* _Provided data_
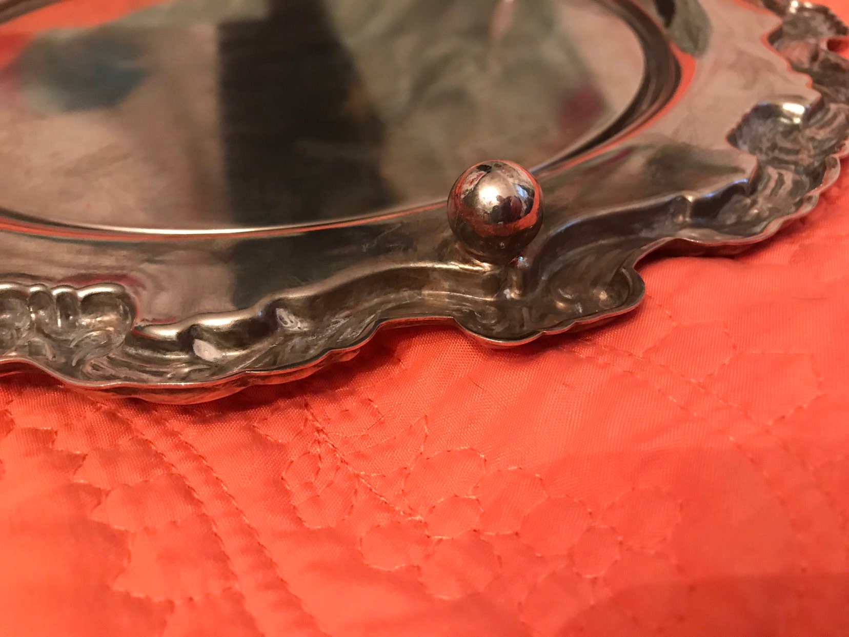 This is a nice round silver mirror tray, with a love pattern along its edge. This could be used for jewelry or on a bar with a decanter and glasses on it! The mirror as well as the silver metal around it seem to be in really good condition, very little surface wear and tear. I believe it is silver plate but I can’t prove it! It has three silver ball feet so that it looks very nice sitting on a vanity or table, and it’s very pretty!
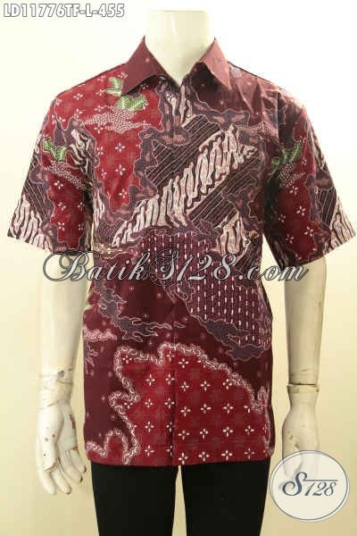 Busana Batik Elegan Nan Mewah Model Lengan Pendek, Kemeja Batik Tulis Pria Full Furing Khas Jawa Tengah, Bisa Untuk Kondangan Dan Ngantor [LD11776TF-L]
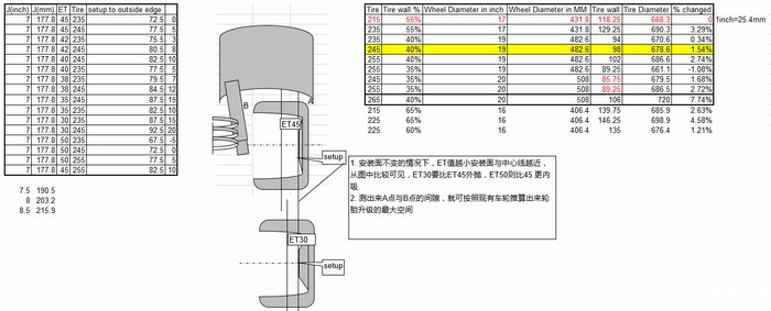 2. ET值,不能突出车身,摩擦翼子板,或者内侧磨减震筒。
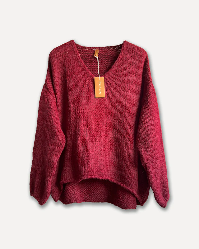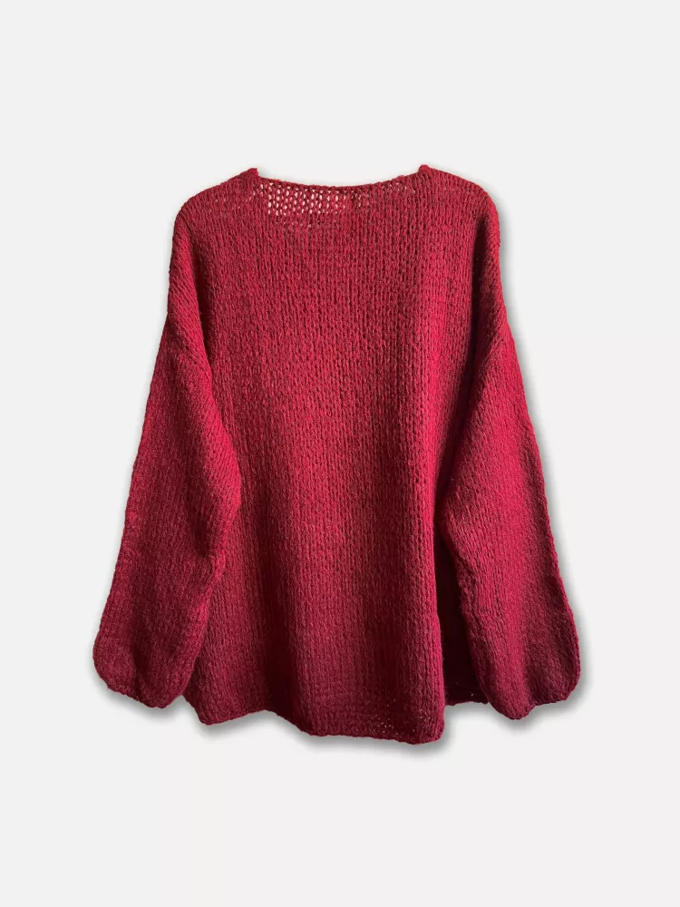 En vinröd mjuk stickad tröja med det lilla extra. En bästsäljande modell genom åren i ny design - Onesize

* _What this task involves_
Go through the material above and repeat it exactly. Omit the pictures.

* _Response box_
 This is a nice round silver mirror tray, with a love pattern along its edge. This could be used for jewelry or on a bar with a decanter and glasses on it! The mirror as well as the silver metal around it seem to be in really good condition, very little surface wear and tear. I believe it is silver plate but I can’t prove it! It has three silver ball feet so that it looks very nice sitting on a vanity or table, and it’s very pretty!
 Busana Batik Elegan Nan Mewah Model Lengan Pendek, Kemeja Batik Tulis Pria Full Furing Khas Jawa Tengah, Bisa Untuk Kondangan Dan Ngantor [LD11776TF-L]
 2. ET值,不能突出车身,摩擦翼子板,或者内侧磨减震筒。
 En vinröd mjuk stickad tröja med det lilla extra. En bästsäljande modell genom åren i ny design - Onesize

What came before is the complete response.